My talk at the 2016 DevOps Rockies Conference
Last Thursday, I had the privilege of speaking at DevOpsDaysRox (Rockies) at the Fortrust data center in Denver. A bit weird speaking in undeveloped space in a data center, but somehow fitting for a DevOps conference. The talk was about 10 minutes worth of talk (slides on speakerdeck), and about 20 minutes worth of live demonstration. The live demonstration covered some of the same things that I’ve covered in our blog before. For those of you who want to duplicate what I did in the talk, these links will walk you through everything and more: [1, 2, 3]. It’s quite easy – and you can do what I did and more in an afternoon.
There were amazing people at the conference, and there were probably about 300 people in the audience for my talk.
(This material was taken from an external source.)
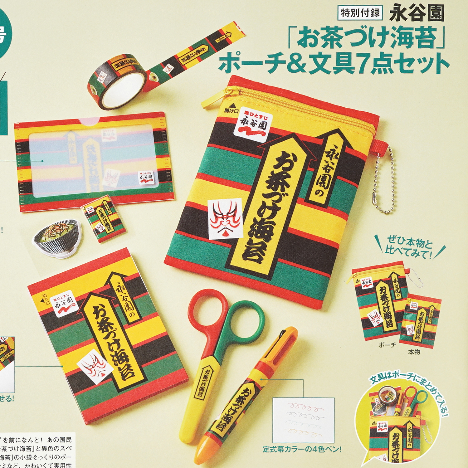 「お茶づけ海苔」の小袋そっくりのポーチをはじめ、メモ帳やハサミなど、かわいくて実用性も備えた豪華7点セットです。

Some of them may have thought I wasn’t actually there, because I was in the back left corner of the room – due to technical issues in the video setup. It was definitely odd sitting behind all the audience. I could occasionally see head nods in the audience, but I was much lower than the stage (sometimes sitting so I could use my keyboard) so it was hard to see, and of course I couldn’t see any of their facial expressions. Since they couldn’t see me, I suspect they didn’t connect with me as well as they normally would. An unexpected side effect was that people who wanted to talk with me afterwards didn’t know what I looked like – because I was hard to see in the back (!). One of those surreal, bizarre things that life sometimes hands you.
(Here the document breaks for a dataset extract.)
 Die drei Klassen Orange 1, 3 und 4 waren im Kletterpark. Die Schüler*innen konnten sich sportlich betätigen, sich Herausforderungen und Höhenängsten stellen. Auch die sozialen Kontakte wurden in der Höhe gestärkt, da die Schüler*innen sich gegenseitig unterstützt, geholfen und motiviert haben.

Like most conferences, my favorite part was talking to the other folks who came to the conference. They were in a lot of different places individually, as were their companies, and it was interesting to talk to them. I got a lot of positive feedback about the talk some good tweets [1, 2, 3, 4] – and some people told me it was their favorite talk in the conference :-D. Can’t complain about that!
A lot of the people attending were either using Docker or looking into it – this was no surprise. So this is something that I’m looking at supporting in the Assimilation code more extensively than we do now. I’ll cover my thoughts on that in a future article. But for now, where I think we’ll go is to treat containers almost completely like full-fledged systems. This should extend naturally to other virtualization methods and other kinds of proxy discovery as well.
Summon at the 2016 DevOps Rockies Conference
One of the things that makes me happy about a conference is getting something I can directly use out of it. Dustin Collins (@dustinmm80) gave a talk about Summon – a Go program to help you manage and use secrets without checking them into source control. There are several places where we could make use of it – sometimes monitoring needs secrets, and I can see occasions where discovery would want to know secrets. For example, one might want to know the community string or similar to do SNMP discovery. Summon is basically a universal proxy between providers and consumers of secrets. After receiving the secret, it provides it to the recipient through the environment. It’s written in Go, which seems like a great choice for a tool like this. I’ll definitely check it out!
All in all, it was a worthwhile two days – I think the live demonstration generated more people determined to give it a try than my usual technical talk overview. Of course, if the talks were a little longer, and the audience and I could have seen each other, it would have been even better. In my experience (and according to the Rolling Stones), you can’t always get what you want, but I got what I needed – and surely that’s enough for anyone. As a bonus, I had a chance to think about how to better handle situations like this if they should come up again – live and learn!